Covalent bonds are formed by equal sharing of electrons from the bonding atoms. Usually such bonds are formed between two or more non-metals as they have least tendency to form ions. The compounds which are formed by the covalent bonding of elements are called as covalent compounds. For example; water is a covalent compound which is formed by the covalent bonding between hydrogen and oxygen atoms. Some of the common covalent compounds are listed below.

 Covalent Compound Name of Covalent Compound $ClF_{3}$ Chlorine trifluoride $PCl_{5}$ Phosphorus pentachloride $SO_{2}$ Sulfur dioxide $N_{2}O_{5}$ Dinitrogen pentoxide $NO_{2}$ Nitrogen dioxide $O_{2}F_{2}$ Dioxygen difluoride $SF_{6}$ Sulfur hexafluoride SeO Selenium monoxide $BrF_{5}$ Bromine pentafluoride $S_{2}F_{2}$ Disulfur difluoride CO Carbon monoxide $CF_{4}$ Carbon hexafluoride $SeCl_{2}$ Selenium dichloride $SO_{3}$ Sulfur dioxide $H_{2}O$ Water $NH_{3}$ Ammonia $CH_{4}$ Methane

## Examples of Covalent Compounds and their Uses

Covalent compounds are also known as molecular compounds as they usually exist in the form of molecule. Different organic molecules such as proteins, nucleic acid, lipids are good examples of covalent compound. Water and ammonia are common covalent compounds which we are using in our everyday life. Some of the covalent compounds are $PCl_{3}$, $CH_{3}CH_{2}OH$, $O_{3}$ (ozone), $H_{2}$ (hydrogen), $H_{2}O$ (water), HCl (hydrogen chloride), $CH_{4}$ (Methane), $NH_{3}$ (Ammonia), $CO_{2}$ (Carbon dioxide) etc.

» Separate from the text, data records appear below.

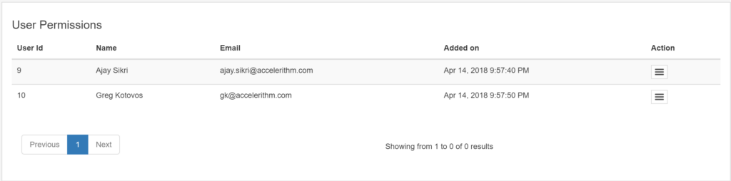 - Clicking the Plus icon will add the user to grid below giving that user permission to use the app.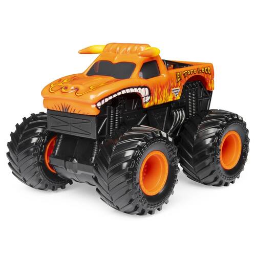Monster Jam Rev & Roar EI Toro Loco 2023 Sunny Apresentando a novíssima escala Rev n Roar 1:43, autênticos Monster Trucks Monster Jam. Empurre para frente ou para trás e veja ele ir. Ouça o som icônico dos monster trucks Monster Jam enquanto seu Rev n Roar ganha vida. Essas máquinas barulhentas apresentam tração nas quatro rodas, pneus de borracha Bkt oficiais e toneladas de detalhes, garantindo que esses caminhões potentes possam passar por cima de qualquer coisa. Apresentando um sistema de condução interno poderoso, esses caminhões de monstro podem esmagar, bater e bater como nunca antes visto. Imagens meramente ilustrativas.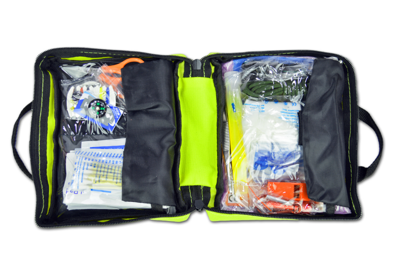 Fire Starter and Flint (1), Paracord (1), Medical Gloves (1pr), Triangle Bandage (2), Sting Relief Pads (4), Sewing Kit (1), Bandage Shears (1), Safety Pins (4), Rescue Whistle (1), Razor Blade (1), Rain Poncho (1), Moleskin Blister Relief Pad (1), Metal Tweezers (1), Glow Stick (1), Sterile Gauze Pads (3), Medical Tape 1/2″ (1 roll), Carabiner (1), LED Flashlight (1), Emergency Foil Blanket (1), Elastic Conforming Bandage (1), CPR Facemask (1), Cotton Tip Applicator (10), Compass (1), Instant Cold Compress (1), Butterfly Closure Strips (6), Antiseptic Cleansing Wipes (6), Alcohol Prep Pads (10), Standard Adhesive Bandage (25), Adhesive Knuckle Bandage (3), Adhesive Fingertip Bandage (3), Extra Large Adhesive Bandage (4), Abdominal ABD Trauma Bandage (1)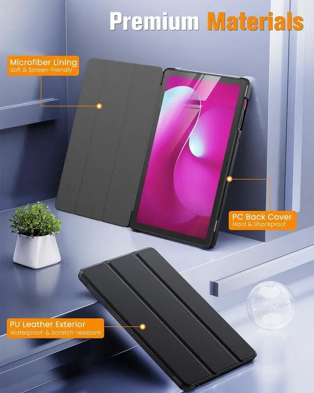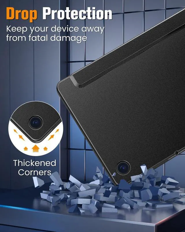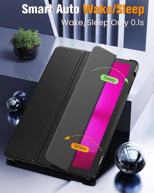 Auto Wake/Sleep: Revvl tab 2 case with built-in magnets automatically wakes or puts your device to sleep when the lid is opened and closed to reduce the power loss and prolong the battery life.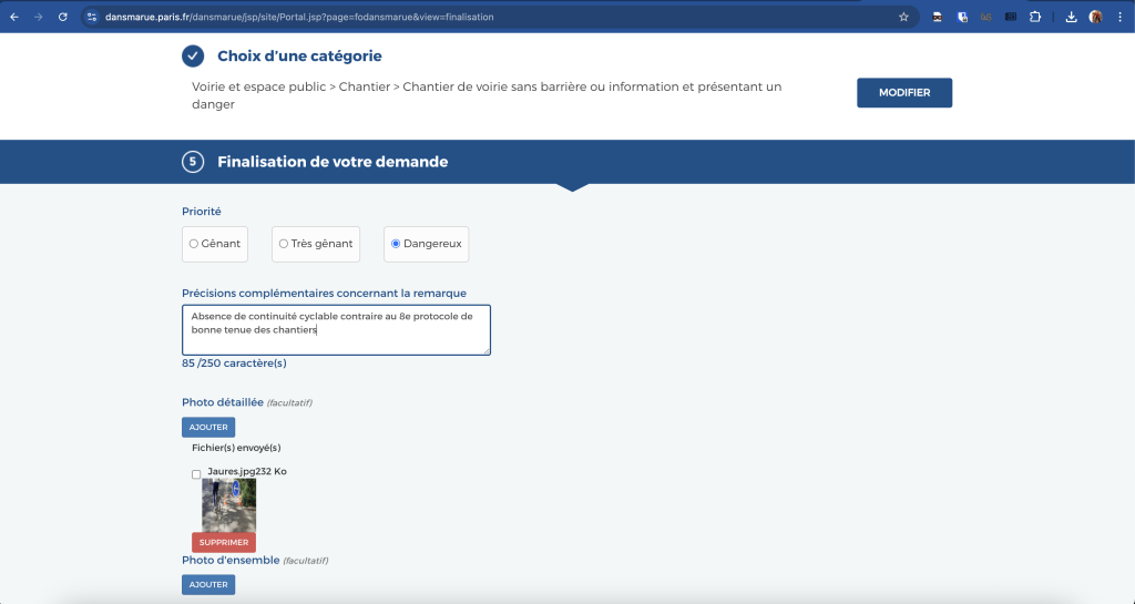 - mais aussi de signaler sur Dans Ma Rue un problème avec la référence du chantier déjà sélectionnée.

## Covalent Compounds Examples

Most of the organic compounds are covalent compounds. Organic compounds are formed by carbon atoms in which carbon atoms are bonded with same or different atoms. The property of carbon atoms to bond with other carbon atoms to form long chain compounds is called as catenation. We know that carbon atom has 4 valence electrons therefore it is difficult to get or lose 4 electrons to complete its octet configuration. That is the reason; carbon ahs tendency to share 4 electrons to complete its octet and tends to for 4 covalent bonds. This is called as tetravalecy of carbon atom. Another good example of covalent compound is oxygen molecule which exists in the gaseous form and necessary to breathe.

## Polar Covalent Compound Examples

As discuss covalent bond is formed by equal sharing of valence electrons between two bonding atoms. If the bonding atoms have same electro negativities, the bonding electrons will locate at the center of chemical bond and there will be no charge in the bonding atoms. What will happen if the bonding atoms do not have same electro negativities? If the electro-negativities of bonding atoms are not same then the bonding electrons will partially shift towards the more electronegative atom.

This partial shifting can induce partial charges on bonding atoms. The more electro negative atom will get partial negative charge and another bonded atom will get partial positive charge. The induction of partial charges over covalently bonded atoms forms polar covalent bond. Hydrogen chloride is the simplest example of covalent compound.

Hydrogen is less electro negative element compare to chlorine which is a halogen. Therefore the covalently bonded bonding electrons shift partially towards chlorine atom and induce partial positive charge on hydrogen atom and partial negative charge on chlorine atom. Similarly water is also a polar covalent compound in which both hydrogen atoms have partial positive charges and oxygen atom has partial negative charge due to more electro negativity compare to hydrogen atoms.

Another example of polar covalent compound is ammonia in which one nitrogen atom is bonded with three hydrogen atoms. Here nitrogen is more electronegative compare to hydrogen atoms therefore the bonding electrons of covalent bond partially shifted towards nitrogen atom and induces partial negative charge over nitrogen atom and partial positive charges over three hydrogen atoms.